Mr Hague argues that parliamentarians should have experienced life outside the Westminster bubble. He says politicians who have little or no first-hand knowledge of the businesses they seek to regulate and the people they seek to govern are unlikely to act effectively on their behalf. This is correct; we do not want a class of leaders that knows nothing except politics – although to follow this argument to its logical conclusion, Mr Hague should be working in a hospital or school rather than raking in a small fortune through public speaking and private business.

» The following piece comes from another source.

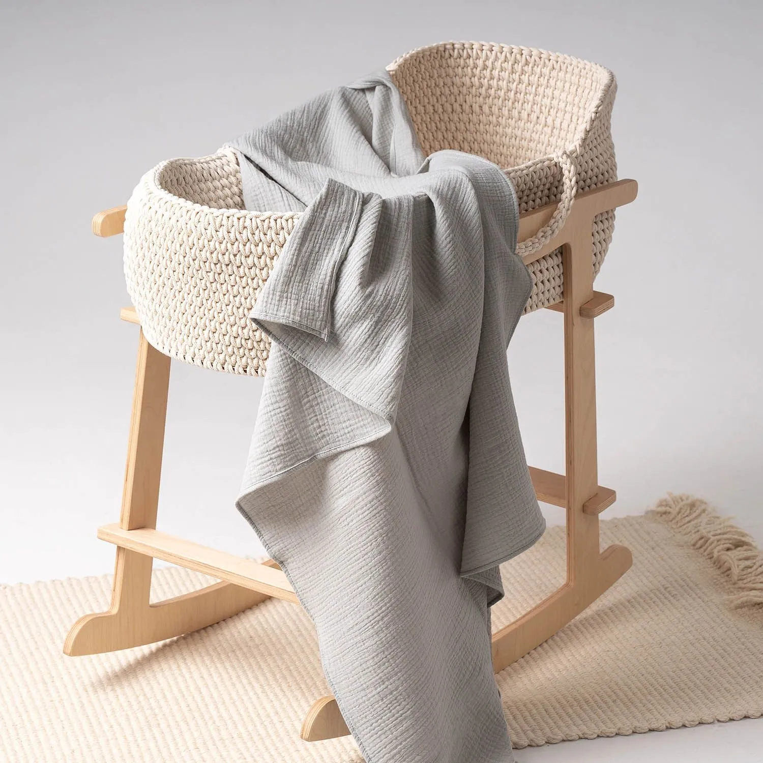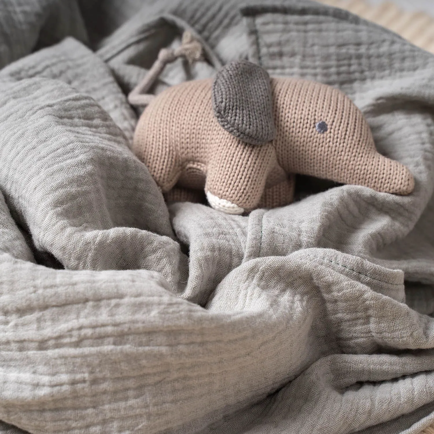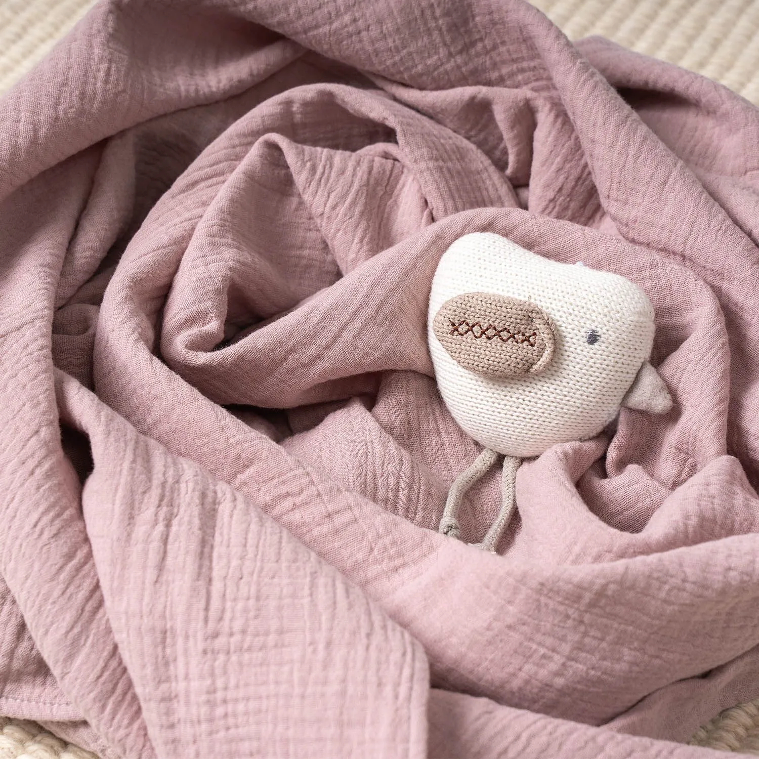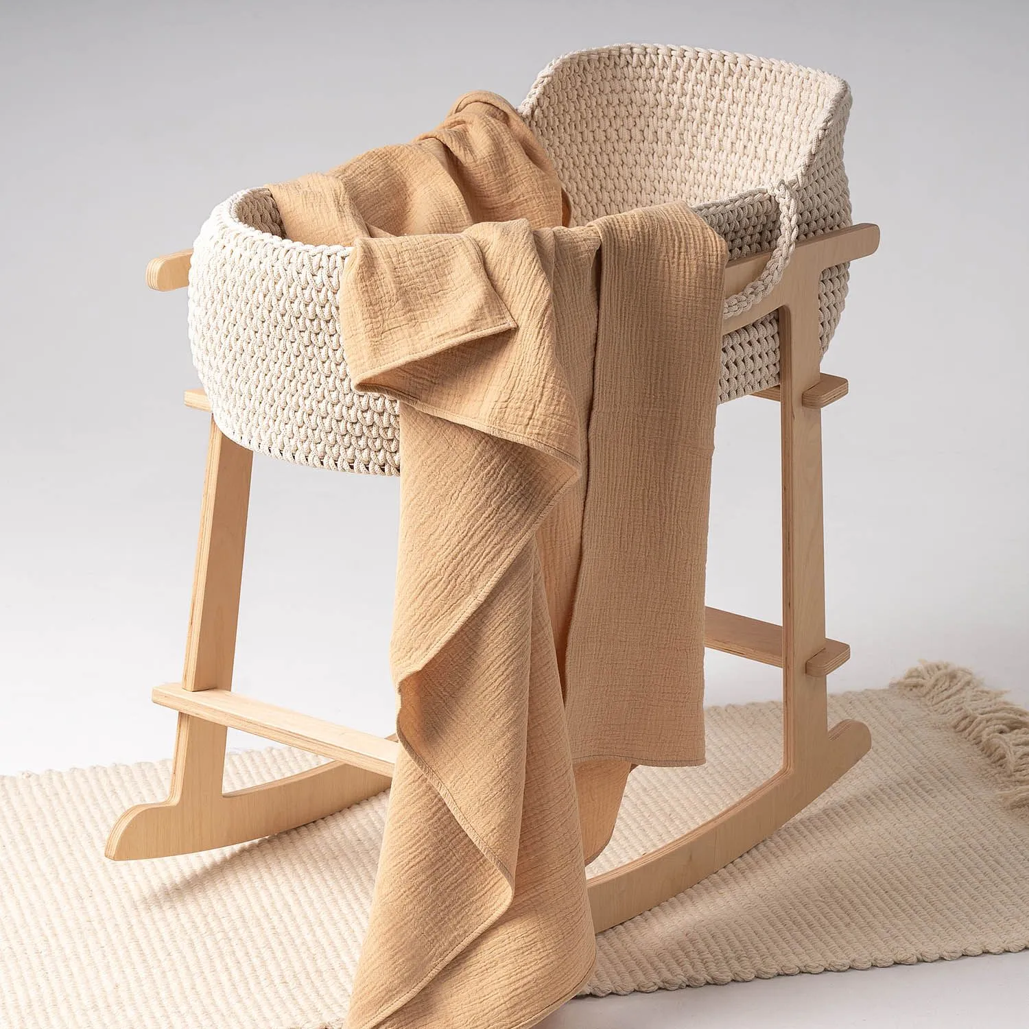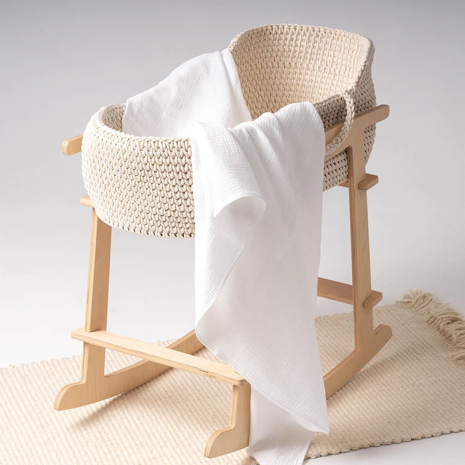 Ткань — премиальный жатый муслин высокого качества. Пеленки из жатого муслина более мягкие и сохнут гораздо быстрее, чем обычные. Такая ткань хорошо пропускает воздух, в них комфортно в любую погоду благодаря терморегулирующим свойствам.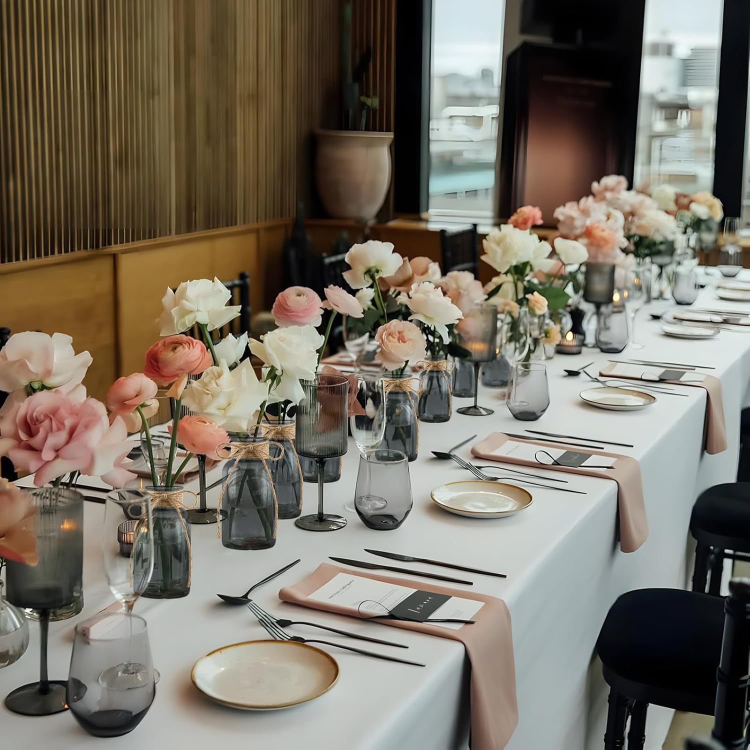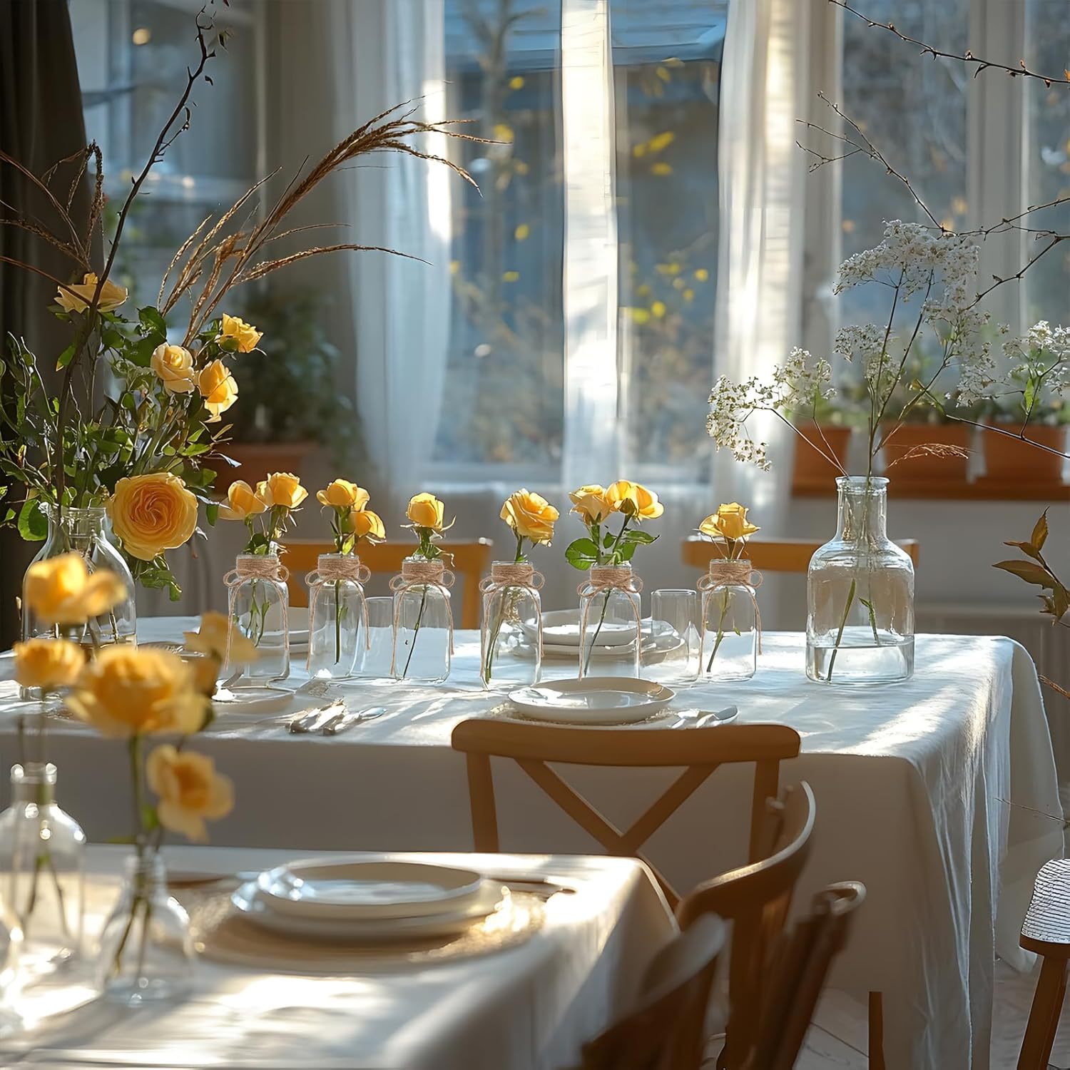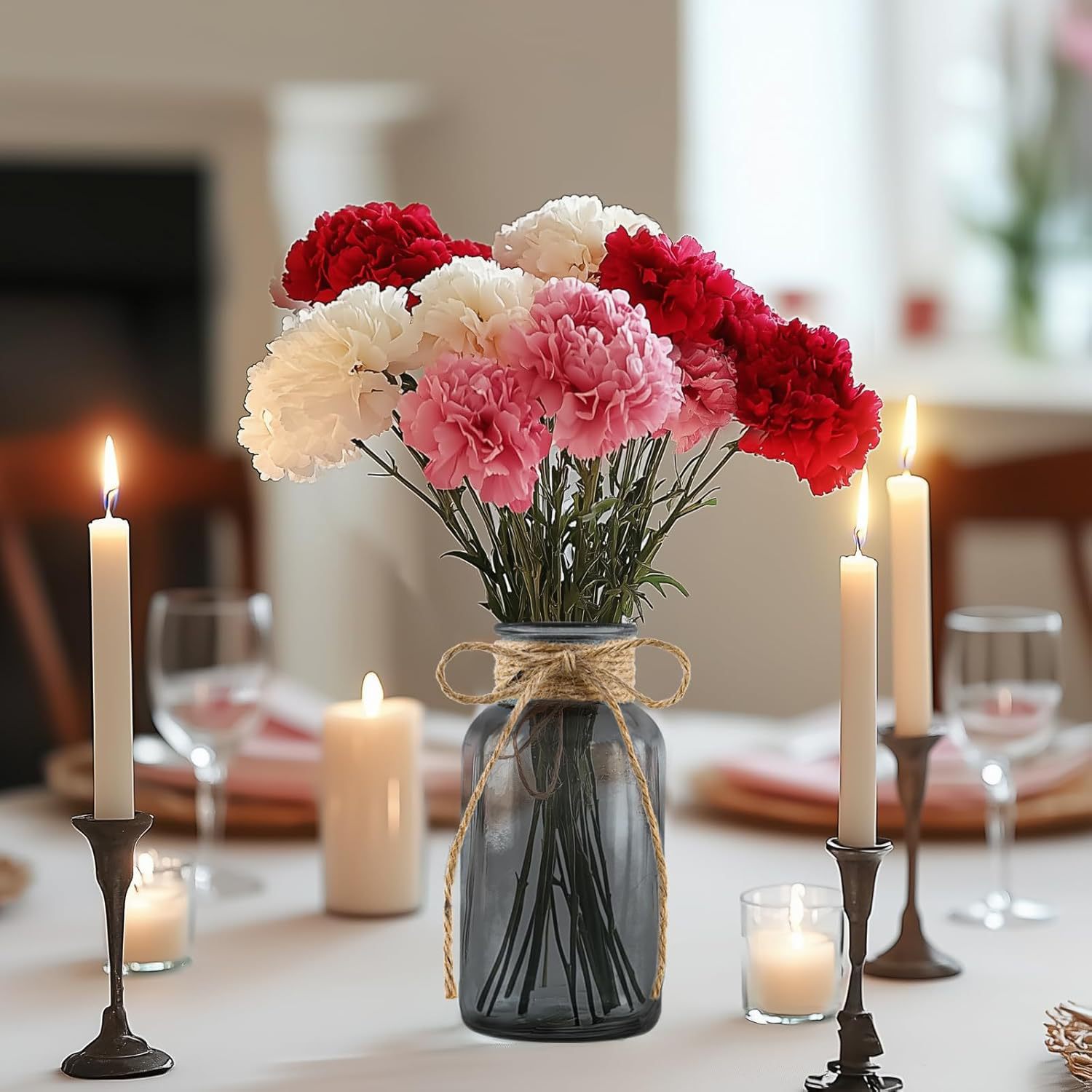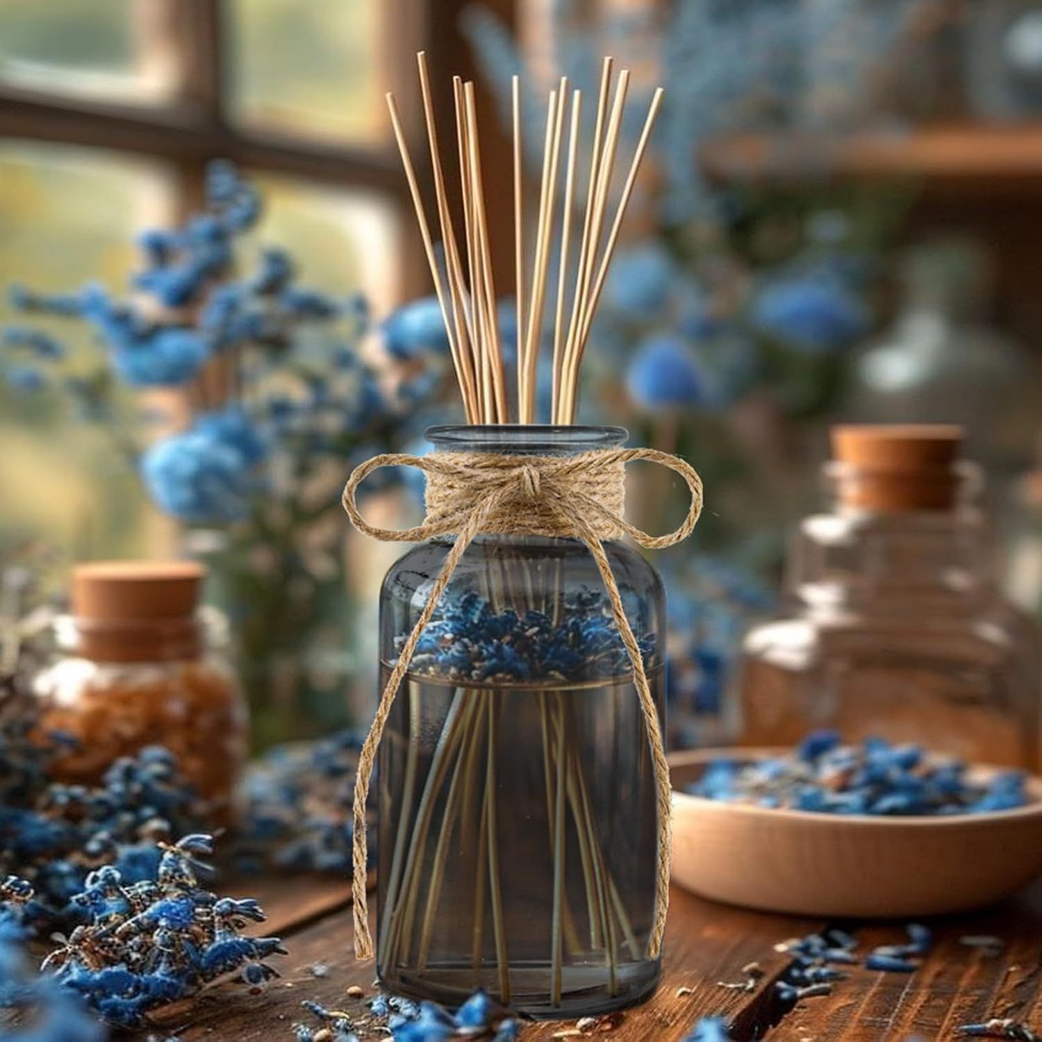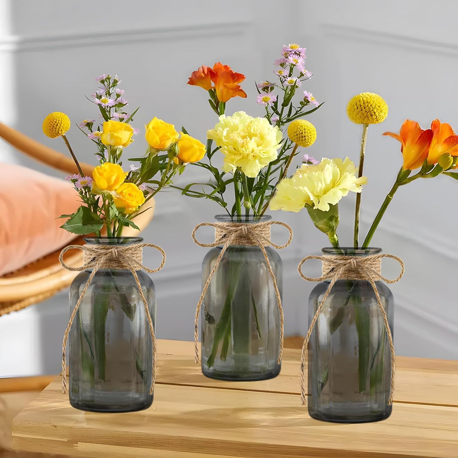 아마존과 같은 유리 꽃병, 가벼운 고급 대마 로프 꽃병, 컬러 유리 병, 거실 장식, 데스크탑 장식품

But it is a question of degree. Her Majesty's Official Opposition has a duty to hold the Government to account, and when that government administers 42 per cent of our gross domestic product, this duty is no small thing. David Cameron recognises the scale of the job and has, in private, repeatedly urged his Shadow Cabinet colleagues to relinquish their remunerated outside interests.

The issue has not escaped the wily Labour MP Jon Cruddas, who yesterday wrote to Mr Cameron, expressing concern that when members of the Shadow Cabinet meet civil servants to assist preparation for a future Tory government, they may be acting for the companies they represent. He has a point. To take one example, the register of members' interests reveals that the Tory business spokesman Alan Duncan, in addition to running an oil industry consultancy and working as a director of a Californian tech firm, has also become the non-executive director of the oil exploration company Arawak Energy Ltd. So when he meets civil servants from the Department for Business, Enterprise and Regulatory Reform in the coming months, whom will he represent?

To remove any doubt, Mr Duncan and his colleagues should trim the numerous consultancies and directorships from their portfolio of concerns and put the public first.